Deputy Minister of Personnel Administration
- In office 20 May 2016 – 10 February 2022
- Minister: Jay N. Shih

Personal details
- Born: 1960 (age 65–66)
- Party: Independent
- Education: National Chung Hsing University (BS) Boston University (MS)

= Su Chun-jung =

Taiwanese politician (born 1960)

Su Chun-jung (蘇俊榮 (Sū Jùnróng); born 1960) is a Taiwanese politician.
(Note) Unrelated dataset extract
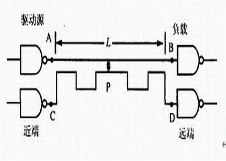 串擾是指一個信號在傳輸通道上傳輸時,因電磁耦合而對相鄰的傳輸線產(chǎn)生不期望的影響,在被干擾信號表現(xiàn)為被注入了一定的耦合電壓和耦合電流。過大的串擾可能引起電路的誤觸發(fā),導(dǎo)致系統(tǒng)無法正常工作。如圖1的電路,AB之間的門電路稱為干擾源網(wǎng)絡(luò)(Aggressor Line),CD之間的門電路稱為被干擾源網(wǎng)絡(luò)(Victim Line)。只要干擾源一改變狀態(tài),我們就可以觀察到受害源處的脈沖串擾。
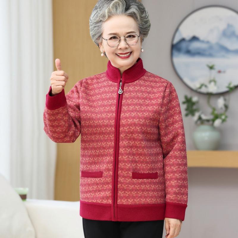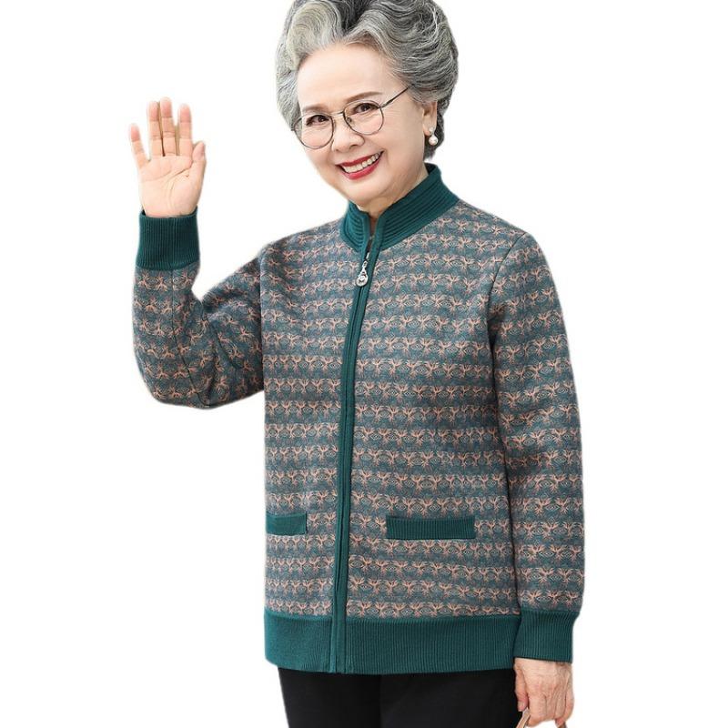 Бабушкина осенне-зимняя одежда, трикотажные свитера для женщин среднего и пожилого возраста, одежда для пожилых, флисовое утолщенное пальто для мамы, теплый свитер для жены

He has served as the Minister of the Directorate-General of Personnel Administration since 10 February 2022, after previously serving as the Deputy Minister of the Directorate-General of Personnel Administration from 20 May 2016 to 10 February 2022.

==Education==
Su obtained his bachelor's degree in statistics from National Chung Hsing University in 1983 and his master's degree in computer science from Boston University in the United States in 1988.

==Career==
At the Financial Data Center of the Ministry of Finance (MOF), he was the Deputy Director-General (2009-2011) and Director-General (2011–2013). From 2013 to 2016, he was the Director-General of the MOF's Fiscal Information Agency.

In 2016, Su was named Deputy Minister of the Directorate-General of Personnel Administration under Jay N. Shih. On 10 February 2022, Su took over Shih's position and became the Minister of the Directorate-General of Personnel Administration.